[Items listed in a dataset]

# # #

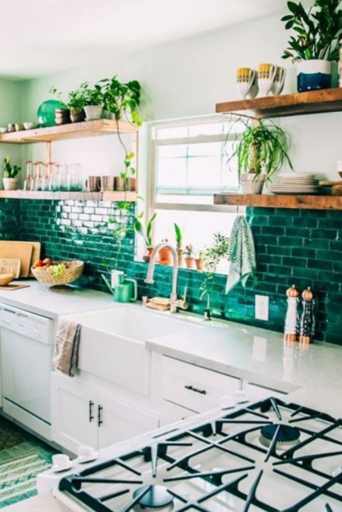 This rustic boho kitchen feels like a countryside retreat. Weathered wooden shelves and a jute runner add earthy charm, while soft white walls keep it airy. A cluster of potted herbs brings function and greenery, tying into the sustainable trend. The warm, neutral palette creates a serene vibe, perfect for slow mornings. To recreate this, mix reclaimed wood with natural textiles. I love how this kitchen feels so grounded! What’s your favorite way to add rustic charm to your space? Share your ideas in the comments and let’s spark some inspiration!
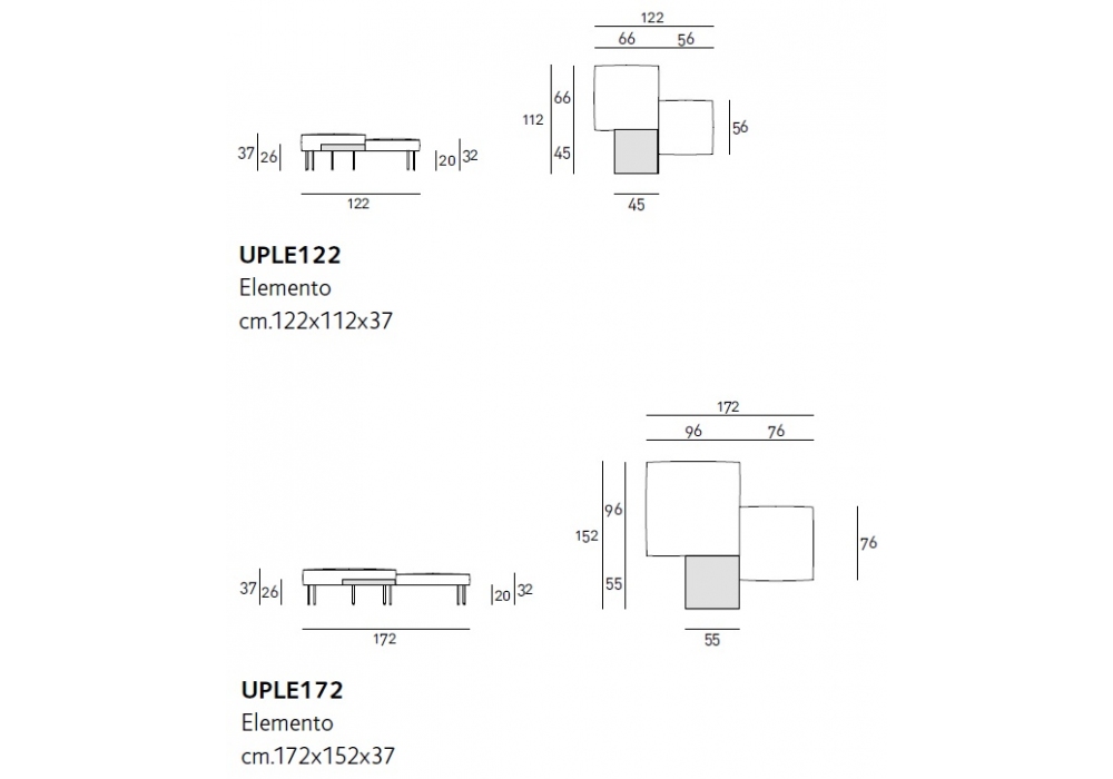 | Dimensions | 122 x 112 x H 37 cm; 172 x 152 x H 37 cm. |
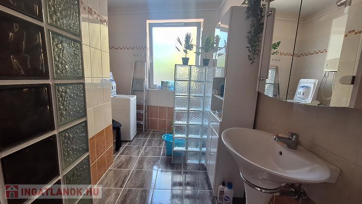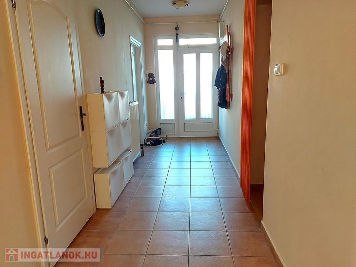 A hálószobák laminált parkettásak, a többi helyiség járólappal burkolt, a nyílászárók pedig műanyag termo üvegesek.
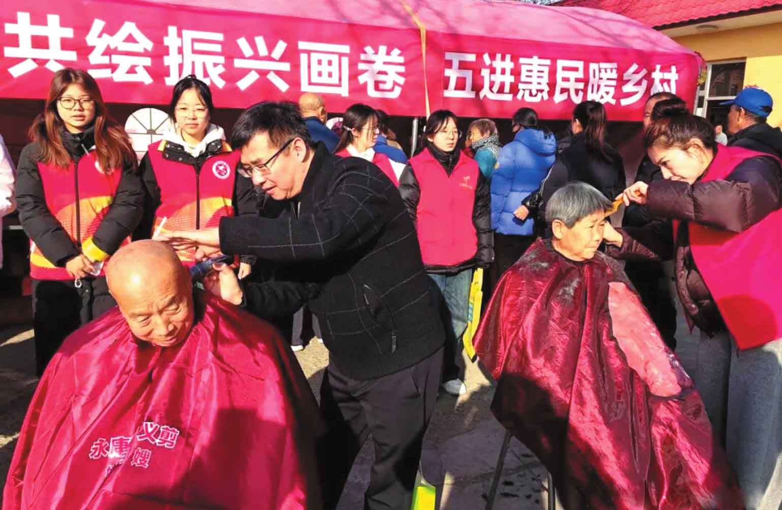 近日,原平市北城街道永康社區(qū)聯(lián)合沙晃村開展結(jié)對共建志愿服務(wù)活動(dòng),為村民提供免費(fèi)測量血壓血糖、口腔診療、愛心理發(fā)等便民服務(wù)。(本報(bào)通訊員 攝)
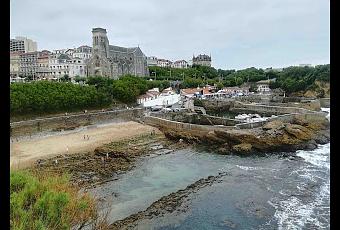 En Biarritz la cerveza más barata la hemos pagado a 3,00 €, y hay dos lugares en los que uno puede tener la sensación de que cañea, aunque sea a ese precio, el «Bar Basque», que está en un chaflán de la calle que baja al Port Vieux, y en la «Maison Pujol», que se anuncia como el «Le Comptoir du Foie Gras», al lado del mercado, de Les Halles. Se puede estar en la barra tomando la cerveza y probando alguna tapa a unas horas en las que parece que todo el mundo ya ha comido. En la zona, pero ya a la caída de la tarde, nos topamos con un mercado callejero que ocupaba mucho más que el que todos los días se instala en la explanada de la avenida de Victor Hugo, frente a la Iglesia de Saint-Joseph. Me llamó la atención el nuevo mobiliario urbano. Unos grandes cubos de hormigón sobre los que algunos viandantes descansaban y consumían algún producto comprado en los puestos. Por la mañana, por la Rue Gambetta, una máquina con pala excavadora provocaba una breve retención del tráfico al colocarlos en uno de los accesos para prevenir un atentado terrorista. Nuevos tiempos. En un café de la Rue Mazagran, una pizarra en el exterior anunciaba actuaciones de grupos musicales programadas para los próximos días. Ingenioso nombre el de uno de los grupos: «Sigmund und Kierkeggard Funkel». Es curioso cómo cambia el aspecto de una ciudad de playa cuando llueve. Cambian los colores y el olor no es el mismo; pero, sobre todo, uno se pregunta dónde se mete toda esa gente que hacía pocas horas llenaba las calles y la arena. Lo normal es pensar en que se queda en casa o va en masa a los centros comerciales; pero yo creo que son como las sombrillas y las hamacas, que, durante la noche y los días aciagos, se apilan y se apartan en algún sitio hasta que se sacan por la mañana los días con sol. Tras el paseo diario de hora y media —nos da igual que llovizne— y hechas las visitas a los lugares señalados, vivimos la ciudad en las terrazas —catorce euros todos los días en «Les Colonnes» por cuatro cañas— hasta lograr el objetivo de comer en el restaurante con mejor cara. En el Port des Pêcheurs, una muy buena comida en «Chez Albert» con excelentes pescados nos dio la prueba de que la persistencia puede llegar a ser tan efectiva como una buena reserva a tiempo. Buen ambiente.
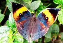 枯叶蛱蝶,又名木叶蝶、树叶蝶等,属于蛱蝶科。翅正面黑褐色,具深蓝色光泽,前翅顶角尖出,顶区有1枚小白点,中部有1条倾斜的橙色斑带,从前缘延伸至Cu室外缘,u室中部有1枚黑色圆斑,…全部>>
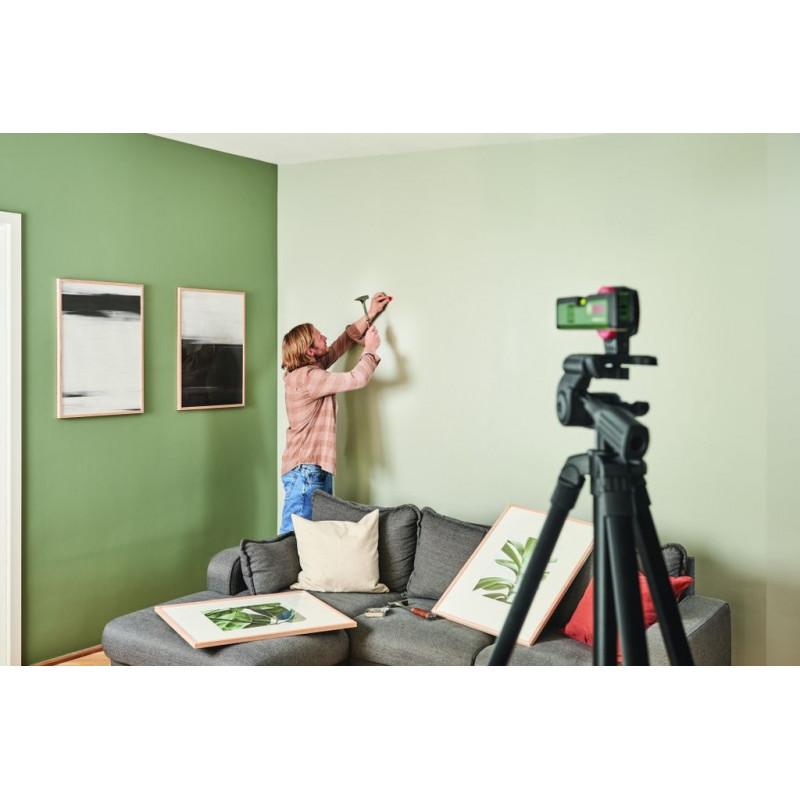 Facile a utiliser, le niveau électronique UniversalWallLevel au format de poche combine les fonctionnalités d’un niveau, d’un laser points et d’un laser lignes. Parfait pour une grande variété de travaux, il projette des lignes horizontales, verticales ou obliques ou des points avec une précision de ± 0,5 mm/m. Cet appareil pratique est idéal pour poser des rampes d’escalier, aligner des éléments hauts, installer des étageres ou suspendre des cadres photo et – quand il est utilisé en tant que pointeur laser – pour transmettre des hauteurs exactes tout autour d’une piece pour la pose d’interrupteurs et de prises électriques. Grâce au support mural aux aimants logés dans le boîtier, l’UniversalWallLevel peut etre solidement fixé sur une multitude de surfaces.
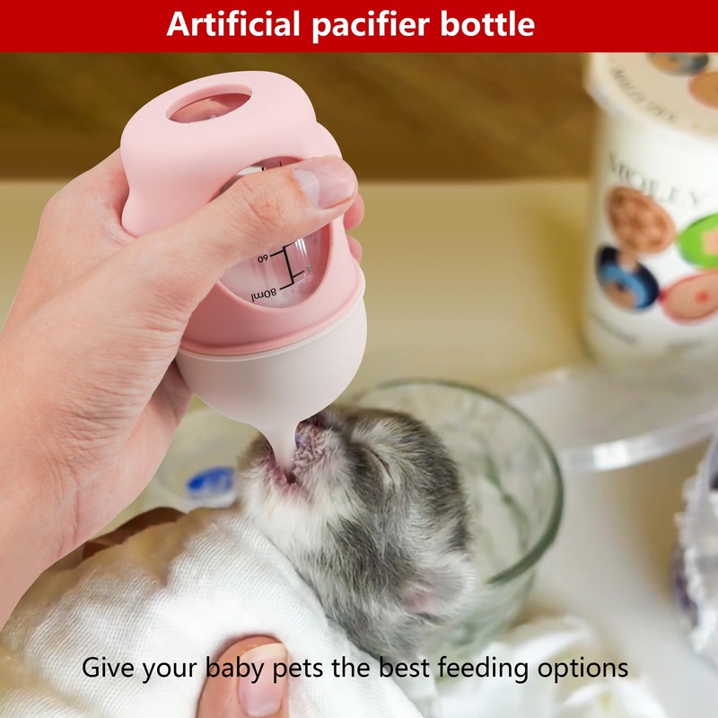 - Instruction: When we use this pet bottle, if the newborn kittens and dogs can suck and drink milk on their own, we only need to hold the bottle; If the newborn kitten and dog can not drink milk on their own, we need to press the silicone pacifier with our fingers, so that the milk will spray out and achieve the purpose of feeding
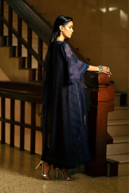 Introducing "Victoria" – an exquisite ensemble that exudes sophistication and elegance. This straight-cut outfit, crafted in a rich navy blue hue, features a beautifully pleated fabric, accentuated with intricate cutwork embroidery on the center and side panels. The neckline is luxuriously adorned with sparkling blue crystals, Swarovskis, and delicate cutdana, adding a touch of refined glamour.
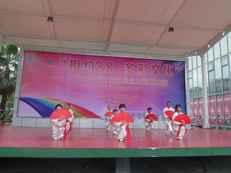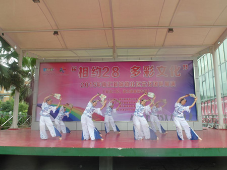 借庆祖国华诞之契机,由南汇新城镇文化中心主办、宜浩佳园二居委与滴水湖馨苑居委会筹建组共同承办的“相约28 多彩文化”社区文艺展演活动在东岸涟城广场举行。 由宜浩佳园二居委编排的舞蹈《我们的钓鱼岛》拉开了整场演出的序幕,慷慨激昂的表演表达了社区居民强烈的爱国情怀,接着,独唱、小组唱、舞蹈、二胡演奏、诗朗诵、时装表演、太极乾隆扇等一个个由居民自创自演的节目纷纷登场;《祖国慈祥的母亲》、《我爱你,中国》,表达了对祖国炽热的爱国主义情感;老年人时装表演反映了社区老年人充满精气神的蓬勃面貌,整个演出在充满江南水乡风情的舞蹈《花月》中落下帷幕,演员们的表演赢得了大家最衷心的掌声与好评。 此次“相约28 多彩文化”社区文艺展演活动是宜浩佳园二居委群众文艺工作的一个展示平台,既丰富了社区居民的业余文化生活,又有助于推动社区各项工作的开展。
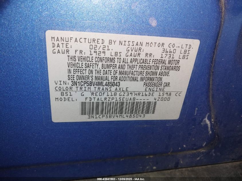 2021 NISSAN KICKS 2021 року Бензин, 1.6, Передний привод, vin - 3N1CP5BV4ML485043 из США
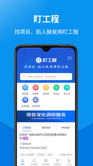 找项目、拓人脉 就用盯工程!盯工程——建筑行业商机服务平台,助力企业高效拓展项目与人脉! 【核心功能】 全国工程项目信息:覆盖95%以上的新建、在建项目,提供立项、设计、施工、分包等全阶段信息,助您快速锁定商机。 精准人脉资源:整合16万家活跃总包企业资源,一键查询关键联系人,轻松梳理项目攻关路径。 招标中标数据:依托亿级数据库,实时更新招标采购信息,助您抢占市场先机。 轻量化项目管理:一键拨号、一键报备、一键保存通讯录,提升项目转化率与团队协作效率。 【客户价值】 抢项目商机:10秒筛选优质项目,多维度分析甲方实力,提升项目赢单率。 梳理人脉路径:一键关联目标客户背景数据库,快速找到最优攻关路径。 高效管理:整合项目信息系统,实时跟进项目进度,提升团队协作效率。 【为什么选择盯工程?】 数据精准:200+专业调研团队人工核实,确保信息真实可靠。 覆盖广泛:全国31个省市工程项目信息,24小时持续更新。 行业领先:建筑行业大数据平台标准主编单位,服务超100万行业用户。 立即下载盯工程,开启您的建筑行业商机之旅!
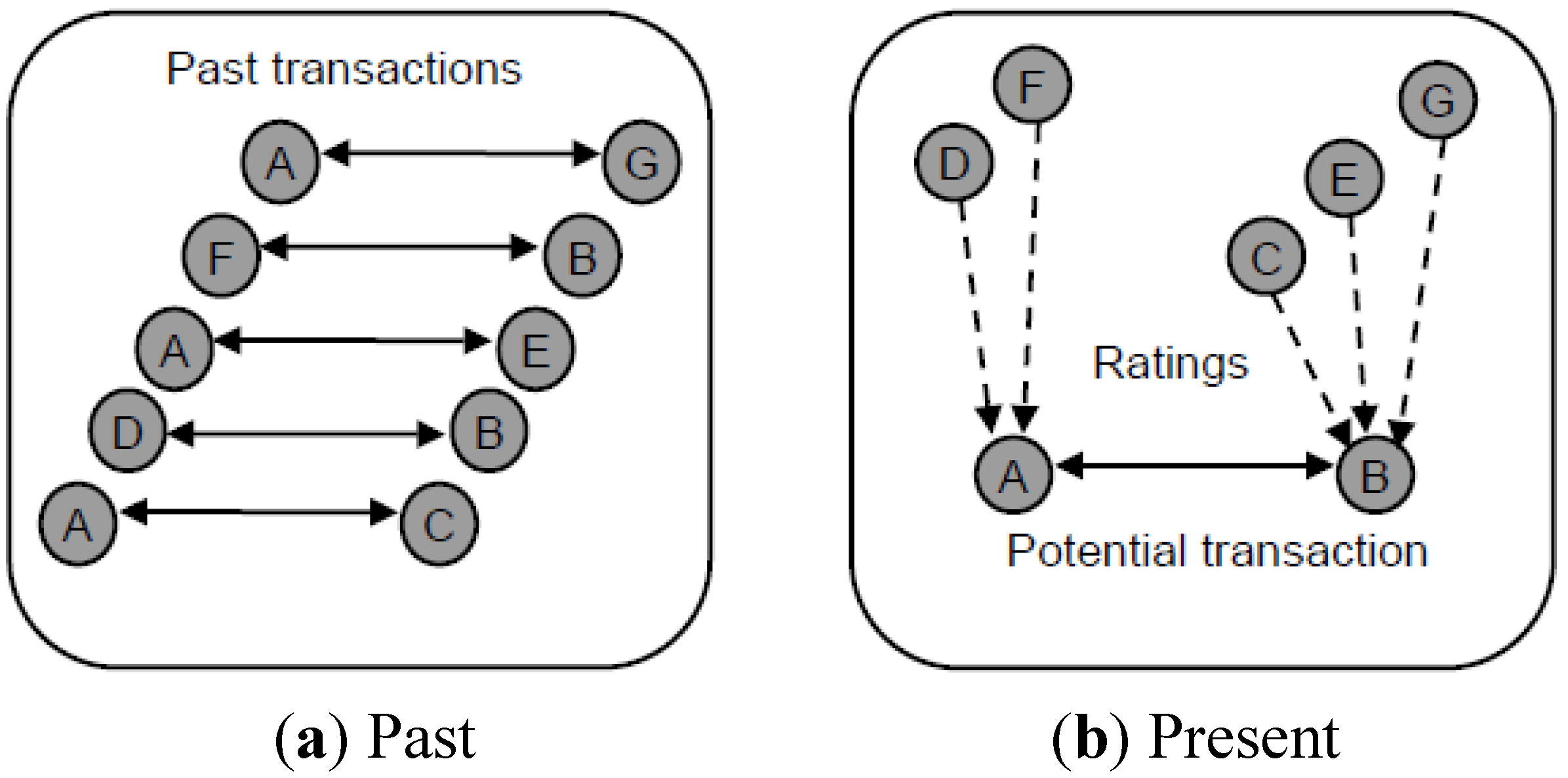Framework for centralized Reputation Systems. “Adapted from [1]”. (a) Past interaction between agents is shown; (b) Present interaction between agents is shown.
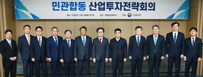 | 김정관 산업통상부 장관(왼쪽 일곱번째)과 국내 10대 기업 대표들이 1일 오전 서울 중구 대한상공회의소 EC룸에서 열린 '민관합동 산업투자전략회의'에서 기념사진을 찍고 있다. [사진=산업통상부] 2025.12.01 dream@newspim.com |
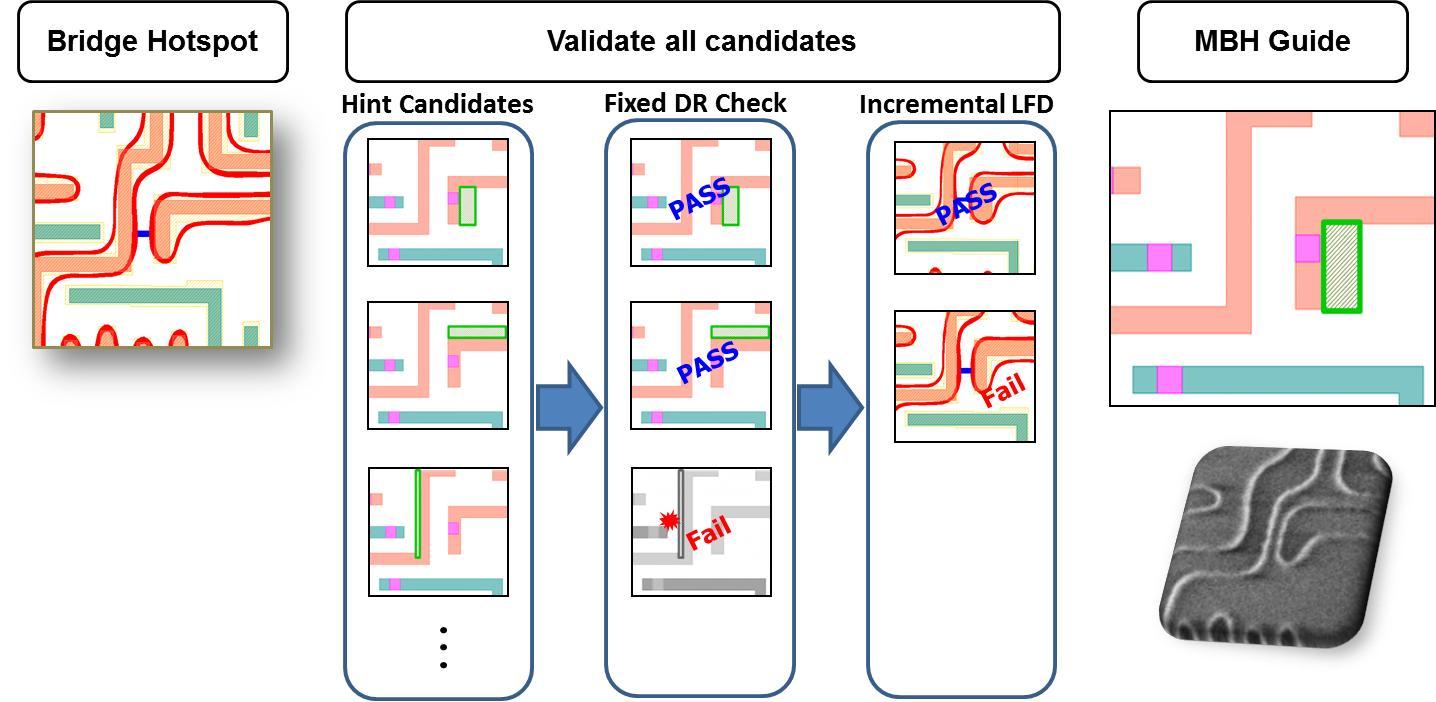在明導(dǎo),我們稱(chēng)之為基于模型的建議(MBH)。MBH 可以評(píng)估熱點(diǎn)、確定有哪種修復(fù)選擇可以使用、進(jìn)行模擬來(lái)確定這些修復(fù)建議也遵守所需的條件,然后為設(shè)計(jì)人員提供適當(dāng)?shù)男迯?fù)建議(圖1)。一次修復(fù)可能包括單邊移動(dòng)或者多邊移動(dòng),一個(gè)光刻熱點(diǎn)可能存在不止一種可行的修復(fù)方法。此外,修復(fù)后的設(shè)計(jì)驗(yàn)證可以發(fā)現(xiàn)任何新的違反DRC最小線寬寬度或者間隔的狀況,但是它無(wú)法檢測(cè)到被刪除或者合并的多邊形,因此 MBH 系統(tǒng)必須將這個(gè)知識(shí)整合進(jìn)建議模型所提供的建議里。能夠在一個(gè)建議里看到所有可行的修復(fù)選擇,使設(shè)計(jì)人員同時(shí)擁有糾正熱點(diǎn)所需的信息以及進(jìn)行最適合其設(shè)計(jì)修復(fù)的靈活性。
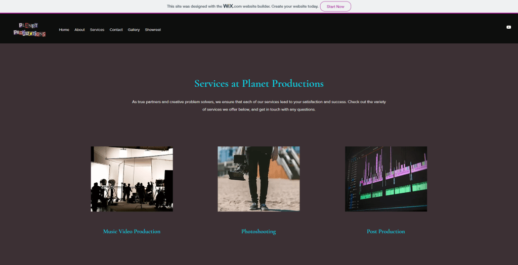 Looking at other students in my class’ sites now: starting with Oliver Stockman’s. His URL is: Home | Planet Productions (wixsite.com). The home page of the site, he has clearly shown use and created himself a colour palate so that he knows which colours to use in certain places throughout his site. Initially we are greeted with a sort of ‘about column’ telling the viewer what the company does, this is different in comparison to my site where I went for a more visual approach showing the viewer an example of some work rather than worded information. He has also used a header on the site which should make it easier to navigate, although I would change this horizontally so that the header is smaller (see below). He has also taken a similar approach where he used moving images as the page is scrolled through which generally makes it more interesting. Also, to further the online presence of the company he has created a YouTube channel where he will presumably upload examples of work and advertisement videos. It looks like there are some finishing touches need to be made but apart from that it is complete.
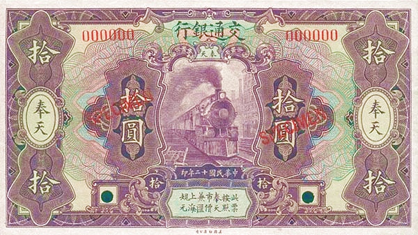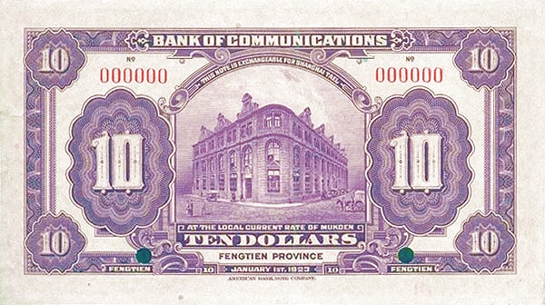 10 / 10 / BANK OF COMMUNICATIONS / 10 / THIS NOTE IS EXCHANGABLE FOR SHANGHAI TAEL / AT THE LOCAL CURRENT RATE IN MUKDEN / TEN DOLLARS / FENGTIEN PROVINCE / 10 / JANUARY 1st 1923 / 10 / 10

# # #

▶ **PROMPT**
Write out, word for word, the lines from the start of the data through the one holding "A hálószobák laminált". Omit pictures.

▶ **ANSWER AREA**
 This rustic boho kitchen feels like a countryside retreat. Weathered wooden shelves and a jute runner add earthy charm, while soft white walls keep it airy. A cluster of potted herbs brings function and greenery, tying into the sustainable trend. The warm, neutral palette creates a serene vibe, perfect for slow mornings. To recreate this, mix reclaimed wood with natural textiles. I love how this kitchen feels so grounded! What’s your favorite way to add rustic charm to your space? Share your ideas in the comments and let’s spark some inspiration!
 | Dimensions | 122 x 112 x H 37 cm; 172 x 152 x H 37 cm. |
 A hálószobák laminált parkettásak, a többi helyiség járólappal burkolt, a nyílászárók pedig műanyag termo üvegesek.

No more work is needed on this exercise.